I have been trying to understand how pg_trgm works. As part of that, I
was looking at gin_extract_query_trgm(), which I think, extracts
trigrams from a search query string. So, I debugged for 3 cases:

1) column_name LIKE '%緊急%'

in this case, inside gin_extract_query_trgm(), after a call to
generate_wildcard_trgm(), returned trglen is 0, hence
GIN_SEARCH_MODE_ALL search mode is used.

2) column_name LIKE '%os%'

same as in case (1)

3) column_name LIKE '%ost%'

returned trglen is > 0, things proceed differently. May be, trigrams
have been generated and cane be used for index search.

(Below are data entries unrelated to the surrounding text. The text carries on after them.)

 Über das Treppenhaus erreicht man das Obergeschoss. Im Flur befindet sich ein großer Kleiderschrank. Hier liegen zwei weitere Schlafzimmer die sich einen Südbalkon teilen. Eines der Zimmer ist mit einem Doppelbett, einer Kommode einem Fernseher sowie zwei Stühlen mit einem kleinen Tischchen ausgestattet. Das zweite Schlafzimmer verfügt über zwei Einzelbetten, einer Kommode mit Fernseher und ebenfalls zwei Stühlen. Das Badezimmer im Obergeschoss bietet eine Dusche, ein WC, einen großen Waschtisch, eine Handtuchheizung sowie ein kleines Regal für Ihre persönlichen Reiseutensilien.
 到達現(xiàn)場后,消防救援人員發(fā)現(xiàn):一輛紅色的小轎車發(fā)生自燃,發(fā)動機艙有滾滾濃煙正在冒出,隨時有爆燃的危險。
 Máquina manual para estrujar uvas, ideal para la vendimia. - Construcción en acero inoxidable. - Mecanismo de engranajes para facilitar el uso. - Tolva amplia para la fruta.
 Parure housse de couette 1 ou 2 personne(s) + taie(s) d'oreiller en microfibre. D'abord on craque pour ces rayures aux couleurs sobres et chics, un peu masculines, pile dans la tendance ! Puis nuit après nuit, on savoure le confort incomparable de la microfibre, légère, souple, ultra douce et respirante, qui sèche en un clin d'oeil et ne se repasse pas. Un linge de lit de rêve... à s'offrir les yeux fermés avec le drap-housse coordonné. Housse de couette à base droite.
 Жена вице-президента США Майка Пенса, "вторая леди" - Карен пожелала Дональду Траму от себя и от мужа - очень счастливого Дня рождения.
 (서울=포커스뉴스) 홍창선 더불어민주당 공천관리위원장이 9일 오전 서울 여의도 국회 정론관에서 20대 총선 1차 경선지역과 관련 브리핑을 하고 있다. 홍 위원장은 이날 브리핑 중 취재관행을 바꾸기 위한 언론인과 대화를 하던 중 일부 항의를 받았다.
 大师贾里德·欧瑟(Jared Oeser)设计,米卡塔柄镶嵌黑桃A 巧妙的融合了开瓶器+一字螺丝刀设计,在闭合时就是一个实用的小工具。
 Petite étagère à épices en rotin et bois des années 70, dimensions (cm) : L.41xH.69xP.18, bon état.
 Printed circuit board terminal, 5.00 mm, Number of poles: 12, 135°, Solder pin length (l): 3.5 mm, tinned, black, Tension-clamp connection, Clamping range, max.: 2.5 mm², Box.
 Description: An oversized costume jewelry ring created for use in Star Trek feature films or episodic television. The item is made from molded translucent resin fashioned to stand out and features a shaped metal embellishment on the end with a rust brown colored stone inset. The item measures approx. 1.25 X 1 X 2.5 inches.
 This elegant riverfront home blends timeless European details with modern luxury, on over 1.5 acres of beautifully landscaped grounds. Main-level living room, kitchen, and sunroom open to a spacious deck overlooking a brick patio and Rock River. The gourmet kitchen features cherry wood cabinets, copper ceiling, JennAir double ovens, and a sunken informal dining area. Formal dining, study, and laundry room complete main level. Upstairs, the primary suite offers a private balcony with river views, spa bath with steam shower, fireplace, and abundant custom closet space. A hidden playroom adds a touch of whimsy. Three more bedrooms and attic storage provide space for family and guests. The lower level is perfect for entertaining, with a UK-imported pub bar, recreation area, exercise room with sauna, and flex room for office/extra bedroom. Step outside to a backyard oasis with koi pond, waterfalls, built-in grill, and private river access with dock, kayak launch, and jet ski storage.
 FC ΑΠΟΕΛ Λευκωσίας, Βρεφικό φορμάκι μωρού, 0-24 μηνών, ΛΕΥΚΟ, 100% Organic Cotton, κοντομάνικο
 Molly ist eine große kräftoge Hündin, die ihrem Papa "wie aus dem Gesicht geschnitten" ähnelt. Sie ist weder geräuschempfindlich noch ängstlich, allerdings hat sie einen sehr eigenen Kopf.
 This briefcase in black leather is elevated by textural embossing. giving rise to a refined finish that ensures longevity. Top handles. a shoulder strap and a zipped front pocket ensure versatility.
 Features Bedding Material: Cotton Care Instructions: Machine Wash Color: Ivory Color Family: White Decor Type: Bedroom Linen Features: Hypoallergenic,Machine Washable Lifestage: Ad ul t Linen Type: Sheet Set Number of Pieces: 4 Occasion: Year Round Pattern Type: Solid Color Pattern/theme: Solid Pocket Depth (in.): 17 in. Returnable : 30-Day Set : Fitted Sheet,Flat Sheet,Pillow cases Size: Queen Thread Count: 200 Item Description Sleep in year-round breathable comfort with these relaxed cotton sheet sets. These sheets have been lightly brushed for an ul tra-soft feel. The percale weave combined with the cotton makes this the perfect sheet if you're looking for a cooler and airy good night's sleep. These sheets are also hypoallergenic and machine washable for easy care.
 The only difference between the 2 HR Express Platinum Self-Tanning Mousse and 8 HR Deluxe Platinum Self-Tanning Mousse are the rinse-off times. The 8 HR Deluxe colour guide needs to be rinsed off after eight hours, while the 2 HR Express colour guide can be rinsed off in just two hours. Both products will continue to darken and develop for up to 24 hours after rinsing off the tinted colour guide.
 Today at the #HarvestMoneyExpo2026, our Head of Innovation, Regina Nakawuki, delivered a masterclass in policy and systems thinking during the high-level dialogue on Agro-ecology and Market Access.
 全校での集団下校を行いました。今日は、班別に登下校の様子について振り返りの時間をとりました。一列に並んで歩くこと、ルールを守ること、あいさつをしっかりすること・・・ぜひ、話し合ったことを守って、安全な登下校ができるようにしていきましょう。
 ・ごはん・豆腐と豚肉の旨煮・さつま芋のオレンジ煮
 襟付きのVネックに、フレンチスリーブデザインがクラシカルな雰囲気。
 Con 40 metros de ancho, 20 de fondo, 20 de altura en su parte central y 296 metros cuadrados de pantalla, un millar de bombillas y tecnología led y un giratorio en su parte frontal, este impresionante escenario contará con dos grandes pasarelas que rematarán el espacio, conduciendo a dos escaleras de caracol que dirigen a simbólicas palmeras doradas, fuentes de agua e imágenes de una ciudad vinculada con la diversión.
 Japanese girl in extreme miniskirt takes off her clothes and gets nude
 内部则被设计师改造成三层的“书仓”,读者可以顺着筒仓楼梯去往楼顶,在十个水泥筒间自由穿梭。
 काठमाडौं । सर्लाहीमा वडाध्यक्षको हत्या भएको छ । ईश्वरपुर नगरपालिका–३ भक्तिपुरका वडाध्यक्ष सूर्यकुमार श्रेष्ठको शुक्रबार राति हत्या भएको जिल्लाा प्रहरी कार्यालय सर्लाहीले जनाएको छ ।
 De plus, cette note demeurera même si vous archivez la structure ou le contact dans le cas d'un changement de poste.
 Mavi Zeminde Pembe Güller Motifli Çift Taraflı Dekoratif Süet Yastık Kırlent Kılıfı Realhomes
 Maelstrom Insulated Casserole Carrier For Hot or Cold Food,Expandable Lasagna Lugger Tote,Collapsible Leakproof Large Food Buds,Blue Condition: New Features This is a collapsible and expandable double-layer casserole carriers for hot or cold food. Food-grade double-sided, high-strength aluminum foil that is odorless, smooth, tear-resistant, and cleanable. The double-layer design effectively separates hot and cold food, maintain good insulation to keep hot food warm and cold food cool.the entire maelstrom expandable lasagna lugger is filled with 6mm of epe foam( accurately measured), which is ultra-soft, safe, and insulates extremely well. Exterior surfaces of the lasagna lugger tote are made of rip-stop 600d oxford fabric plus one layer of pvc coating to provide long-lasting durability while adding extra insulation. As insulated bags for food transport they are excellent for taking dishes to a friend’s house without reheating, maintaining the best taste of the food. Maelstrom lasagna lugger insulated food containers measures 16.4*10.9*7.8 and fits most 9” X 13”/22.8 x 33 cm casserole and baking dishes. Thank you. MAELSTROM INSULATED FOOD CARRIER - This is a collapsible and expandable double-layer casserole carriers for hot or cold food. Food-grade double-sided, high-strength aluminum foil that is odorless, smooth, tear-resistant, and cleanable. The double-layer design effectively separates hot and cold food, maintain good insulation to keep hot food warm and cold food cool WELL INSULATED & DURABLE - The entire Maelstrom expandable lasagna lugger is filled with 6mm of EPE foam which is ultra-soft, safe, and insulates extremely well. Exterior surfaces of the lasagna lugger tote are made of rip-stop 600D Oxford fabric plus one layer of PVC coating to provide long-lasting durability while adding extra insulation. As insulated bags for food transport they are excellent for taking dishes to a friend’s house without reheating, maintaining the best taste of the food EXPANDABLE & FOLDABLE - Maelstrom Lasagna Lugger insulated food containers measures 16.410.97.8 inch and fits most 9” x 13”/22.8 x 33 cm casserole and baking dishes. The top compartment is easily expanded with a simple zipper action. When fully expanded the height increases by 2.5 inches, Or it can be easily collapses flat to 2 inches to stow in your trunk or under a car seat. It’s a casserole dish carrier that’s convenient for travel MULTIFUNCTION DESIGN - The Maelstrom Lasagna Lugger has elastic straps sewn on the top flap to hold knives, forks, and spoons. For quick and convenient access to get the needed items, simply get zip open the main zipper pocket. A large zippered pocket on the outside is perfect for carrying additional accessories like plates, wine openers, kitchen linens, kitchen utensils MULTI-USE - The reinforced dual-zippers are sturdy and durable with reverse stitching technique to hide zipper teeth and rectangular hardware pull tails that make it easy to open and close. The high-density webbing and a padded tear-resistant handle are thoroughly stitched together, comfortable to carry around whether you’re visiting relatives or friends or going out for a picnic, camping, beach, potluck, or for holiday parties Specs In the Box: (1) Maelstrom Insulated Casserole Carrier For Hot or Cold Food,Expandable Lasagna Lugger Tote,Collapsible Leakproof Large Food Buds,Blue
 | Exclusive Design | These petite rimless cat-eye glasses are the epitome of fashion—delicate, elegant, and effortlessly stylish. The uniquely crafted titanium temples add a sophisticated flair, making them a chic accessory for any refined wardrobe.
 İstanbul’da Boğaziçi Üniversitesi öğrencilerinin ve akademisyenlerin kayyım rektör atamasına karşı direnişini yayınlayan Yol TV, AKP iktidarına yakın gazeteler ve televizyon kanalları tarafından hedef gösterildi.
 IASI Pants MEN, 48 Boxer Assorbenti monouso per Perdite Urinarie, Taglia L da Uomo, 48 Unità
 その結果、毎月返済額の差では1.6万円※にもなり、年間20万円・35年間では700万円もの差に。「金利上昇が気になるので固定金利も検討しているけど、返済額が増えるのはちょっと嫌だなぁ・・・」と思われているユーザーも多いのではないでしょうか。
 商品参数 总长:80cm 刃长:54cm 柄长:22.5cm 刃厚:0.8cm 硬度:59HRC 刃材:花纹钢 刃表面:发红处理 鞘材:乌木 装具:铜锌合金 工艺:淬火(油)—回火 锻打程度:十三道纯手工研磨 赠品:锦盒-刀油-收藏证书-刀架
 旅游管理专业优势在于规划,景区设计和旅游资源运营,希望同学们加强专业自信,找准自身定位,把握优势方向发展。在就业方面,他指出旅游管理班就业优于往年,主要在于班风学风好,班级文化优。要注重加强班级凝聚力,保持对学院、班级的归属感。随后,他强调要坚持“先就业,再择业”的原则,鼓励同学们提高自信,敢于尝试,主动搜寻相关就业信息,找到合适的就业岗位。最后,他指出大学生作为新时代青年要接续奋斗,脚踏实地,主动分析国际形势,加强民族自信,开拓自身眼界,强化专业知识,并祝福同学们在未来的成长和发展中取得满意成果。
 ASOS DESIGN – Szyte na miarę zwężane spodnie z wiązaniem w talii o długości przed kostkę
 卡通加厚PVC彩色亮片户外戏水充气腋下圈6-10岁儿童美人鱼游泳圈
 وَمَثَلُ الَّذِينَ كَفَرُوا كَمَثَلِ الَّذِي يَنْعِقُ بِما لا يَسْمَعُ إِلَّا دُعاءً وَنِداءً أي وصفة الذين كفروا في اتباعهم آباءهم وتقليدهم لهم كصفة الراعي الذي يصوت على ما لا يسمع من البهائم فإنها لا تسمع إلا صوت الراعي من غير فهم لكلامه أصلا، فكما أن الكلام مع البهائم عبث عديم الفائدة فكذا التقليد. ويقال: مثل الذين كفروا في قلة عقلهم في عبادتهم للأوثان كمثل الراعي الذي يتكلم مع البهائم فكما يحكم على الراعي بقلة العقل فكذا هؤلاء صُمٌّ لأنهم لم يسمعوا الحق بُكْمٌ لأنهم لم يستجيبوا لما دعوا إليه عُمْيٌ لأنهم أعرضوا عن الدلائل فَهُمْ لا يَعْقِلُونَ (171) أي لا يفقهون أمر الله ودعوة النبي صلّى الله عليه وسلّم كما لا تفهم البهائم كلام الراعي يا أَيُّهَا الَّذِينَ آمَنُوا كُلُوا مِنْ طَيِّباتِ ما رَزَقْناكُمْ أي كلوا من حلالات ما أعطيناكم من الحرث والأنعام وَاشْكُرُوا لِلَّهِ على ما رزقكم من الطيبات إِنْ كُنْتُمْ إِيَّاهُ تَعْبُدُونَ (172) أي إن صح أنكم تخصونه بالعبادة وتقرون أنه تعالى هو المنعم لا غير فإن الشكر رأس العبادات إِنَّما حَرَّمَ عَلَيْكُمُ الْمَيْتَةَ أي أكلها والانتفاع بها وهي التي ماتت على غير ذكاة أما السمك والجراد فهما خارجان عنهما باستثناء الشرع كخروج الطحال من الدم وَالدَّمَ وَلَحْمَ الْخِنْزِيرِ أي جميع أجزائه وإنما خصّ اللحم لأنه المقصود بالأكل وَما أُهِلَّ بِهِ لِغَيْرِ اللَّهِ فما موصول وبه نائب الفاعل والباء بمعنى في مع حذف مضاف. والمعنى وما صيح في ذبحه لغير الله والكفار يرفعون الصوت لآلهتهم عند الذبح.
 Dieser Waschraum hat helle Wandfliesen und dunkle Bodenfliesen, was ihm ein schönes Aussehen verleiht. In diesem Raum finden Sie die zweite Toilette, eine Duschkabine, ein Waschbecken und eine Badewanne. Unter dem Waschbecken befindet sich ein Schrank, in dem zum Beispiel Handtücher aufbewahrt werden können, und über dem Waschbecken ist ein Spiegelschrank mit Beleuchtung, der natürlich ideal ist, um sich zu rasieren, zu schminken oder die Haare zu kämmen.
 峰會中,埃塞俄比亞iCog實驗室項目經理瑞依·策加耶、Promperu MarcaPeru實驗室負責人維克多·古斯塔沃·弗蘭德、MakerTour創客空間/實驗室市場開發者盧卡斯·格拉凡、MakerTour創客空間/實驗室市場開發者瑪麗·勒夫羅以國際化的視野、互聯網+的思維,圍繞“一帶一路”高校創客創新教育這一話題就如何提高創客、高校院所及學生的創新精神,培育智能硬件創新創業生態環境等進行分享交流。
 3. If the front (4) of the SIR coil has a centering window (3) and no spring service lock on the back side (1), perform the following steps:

I later commented out #define KEEPONLYALNUM from
contrib/pg_trgm/trgm.h (following from a related discussion on
-hackers viz.
http://www.postgresql.org/message-id/flat/CAHGQGwFJshvV2nGME19wdTW9teFw_w7h2ns4E+YYsjkB9WdWDQ@mail.gmail.com#CAHGQGwFJshvV2nGME19wdTW9teFw_w7h2ns4E+YYsjkB9WdWDQ@mail.gmail.com),
but things didn't change.

So, it appears, for search strings consisting of 2 (or < 3)
characters, trigrams can not be utilized. No?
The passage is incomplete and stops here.